WHY SPIDERS? Spiders are the dominant non-vertebrate predators in almost every terrestrial habitat, making them keystone ecosystem components. They are also extremely diverse, comprising over 2% of all the described species on the planet. Although tackling megadiverse groups like spiders is a daunting task, it is essential that we try, both for science and society, because our current knowledge of biodiversity is highly biased (Platnick, 1999).
Thus, for example, a genus containing three allopatric species within Chile offers much more biogeographic information than does a genus containing only one Chilean species. Not only does the first genus suggest the existence of more areas of endemism, it also offers a potential source of cladistic information: an informative component suggesting that two of those possible areas of endemism share a more recent common history than either does with the third. A single genus containing 20, or even 50, allopatric species within Chile thus has the potential of providing vastly more information on the biotic history of Chile than could even 50 genera of different groups that each contain only a single, widespread Chilean species.

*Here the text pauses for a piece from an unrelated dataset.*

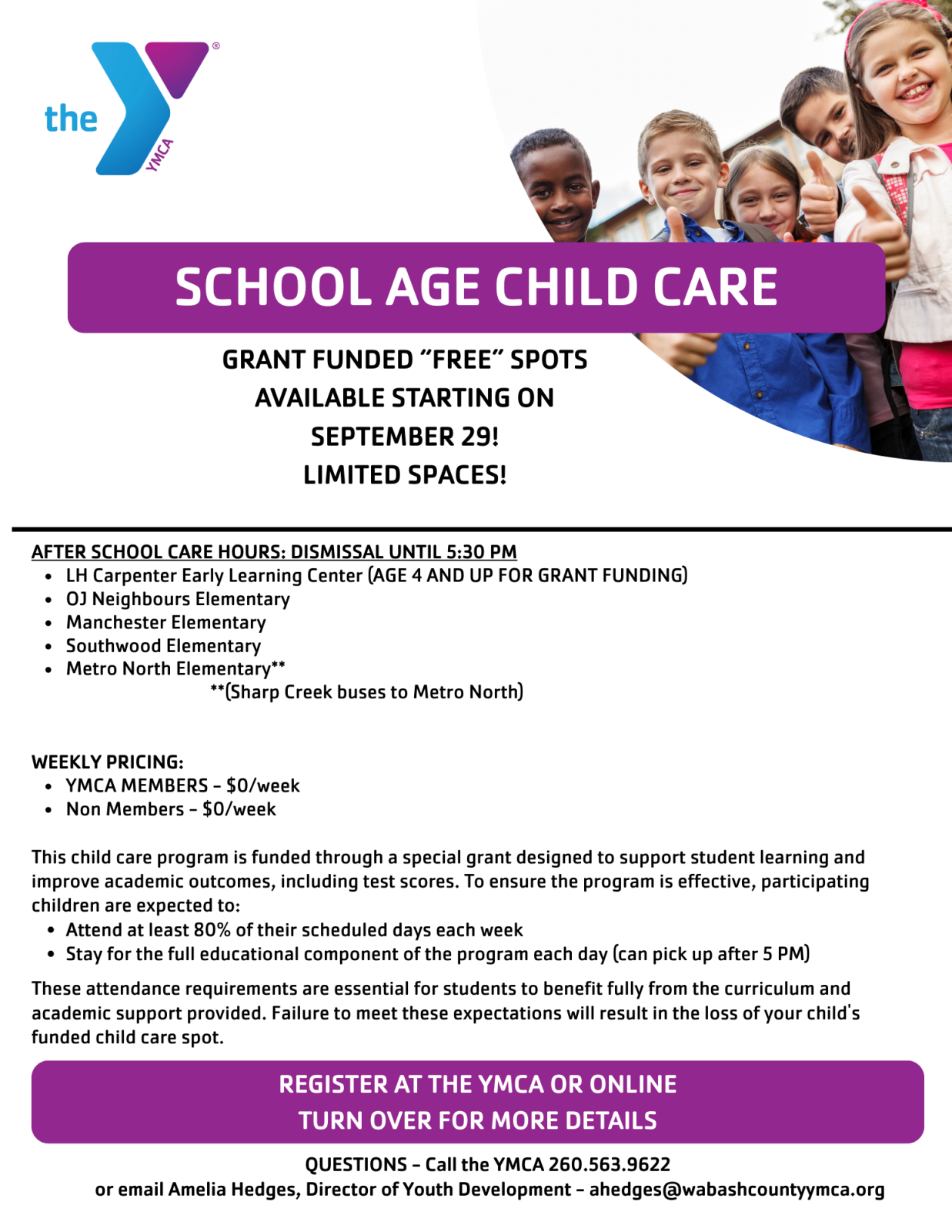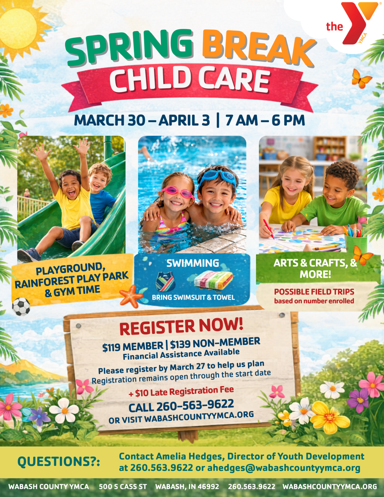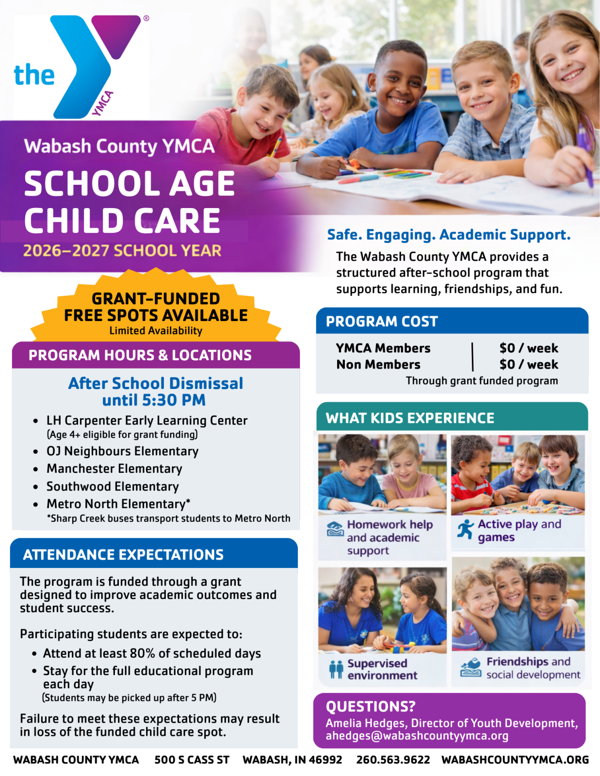 For more information, contact Sarah Law, Youth Development Coordinator | 260.563.9622 | slaw@wabashcountyymca.org
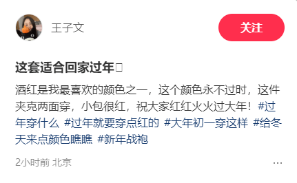在2月12日,王子文晒出自己的美照,还配文:这套适合回家过年,酒红是最喜欢的颜色之一,感觉不会过时,而且又可以当皮草还可以当夹克两面穿非常的适用,没想到王子文这么快就晒出自己的新年战袍了,穿着酒红色皮草回家过年洋气又喜气。

For policy makers facing the crucial triage situations imposed by today's biodiversity crisis, the same criteria hold. Much has been made of biodiversity "hotspots" -- areas with high species diversity. The now conventional list of such high diversity areas (e.g., Mittermeier et al., 1999) is based almost entirely on vertebrate and plant distributional data. Even if such hotspots turn out to be areas of high diversity for life in general, and even if they turn out to be areas of high endemicity for life in general as well, they offer little potential for making on-the-ground conservation decisions. It is of scant help to a forest manager in Chile to know that the south temperate Nothofagus forests are a biodiversity hotspot. Detailed knowledge of the distribution and interrelationships of a few genera, each with numerous allopatric species inhabiting those forests, on the other hand, could allow narrow areas of endemism to be detected, and used to choose, for preservation attempts, that set of areas that can jointly maximize the phylogenetic diversity we may still be able to save (e.g., Williams et al., 1991).
There are, of course, many megadiverse groups with microdistributed species, but spiders are unusual among them in several respects. One concerns our ability to deal with existing knowledge. For every megadiverse group, the published systematic literature is astoundingly large, widely scattered, and difficult to access, so that even determining what currently valid species are known in a given taxon, or from a particular region, is a major undertaking. Spiders are one of the few such groups for which our scattered taxonomic knowledge has been completely cataloged in an electronically available form. The World Spider Catalog (Platnick, 2006), which is updated twice a year, provides a complete listing of all available names (and their synonyms), as well as citations to every important published taxonomic treatment of each species, from Linnaeus to date (compilation of the catalog was supported in large part by NSF). The most recent update (Version 7.0) details 39,490 currently valid species, assigned to 3,642 genera and 111 families, and comprises almost 15 megabytes of text. The database conversion of the catalog information by Robert Raven provides Species 2000 and GBIF with their authority files for spiders.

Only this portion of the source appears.